Kavanaugh seeks new tone after Supreme Court fight as Trump apologizes for process

  • U.S. Supreme Court Justice Brett Kavanaugh sought to put a bruising confirmation battle behind him on Monday at a White House ceremony in which President Donald Trump apologized for the heated process.
  • Kavanaugh's confirmation process exploded in controversy after California university professor Christine Blasey Ford went public with allegations that Kavanaugh sexually assaulted her in 1982, while they were in high school.
  • Kavanaugh said Monday that he was starting his new job without bitterness, seeking to set a new tone after the divisive process.

U.S. Supreme Court Justice Brett Kavanaugh sought to put a bruising confirmation battle behind him on Monday at a White House ceremony in which President Donald Trump declared him innocent of sexual misconduct and apologized for the heated process.

President Donald Trump, right, greets Brett Kavanaugh, associate justice of the U.S. Supreme Court, during a ceremonial swearing-in event in the East Room of the White House in Washington, D.C., U.S., on Monday, Oct. 8, 2018. 
Andrew Harrer | Bloomberg | Getty Images
President Donald Trump, right, greets Brett Kavanaugh, associate justice of the U.S. Supreme Court, during a ceremonial swearing-in event in the East Room of the White House in Washington, D.C., U.S., on Monday, Oct. 8, 2018. 

"On behalf of our nation, I want to apologize to Brett and the entire Kavanaugh family for the terrible pain and suffering you have been forced to endure," Trump said at the start of a ceremonial swearing-in in the East Room of the White House.

"Those who step forward to serve our country deserve a fair and dignified evaluation, not a campaign of political and personal destruction based on lies and deception," he said.

Kavanaugh's confirmation process exploded in controversy after California university professor Christine Blasey Ford went public with allegations that Kavanaugh sexually assaulted her in 1982, while they were in high school.

Kavanaugh gave a forceful, emotional denial of those allegations during testimony before lawmakers that some Democrats said showed a lack of judicial temperament.

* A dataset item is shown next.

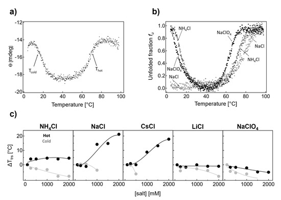 Figure 2c). Increasing the CsCl concentration significantly increased the transition temperature. At the same time, the threshold for cold denaturation shifted toward lower temperatures, and the cold denaturation process was not visible anymore above 0.5 M CsCl.

The U.S. Senate voted 50-48 on Saturday to confirm him, with just one Democrat supporting him.

Kavanaugh said on Monday that he was starting his new job without bitterness, seeking to set a new tone after the divisive process.

"The Senate confirmation process was contentious and emotional. That process is over. My focus now is to be the best justice I can be," he said with his wife and children standing nearby.

He said he would aim to be a force for stability and unity on the court, whose other eight members all attended the White House ceremony.

"Although the Senate confirmation process tested me as it has tested others, it did not change me," he said.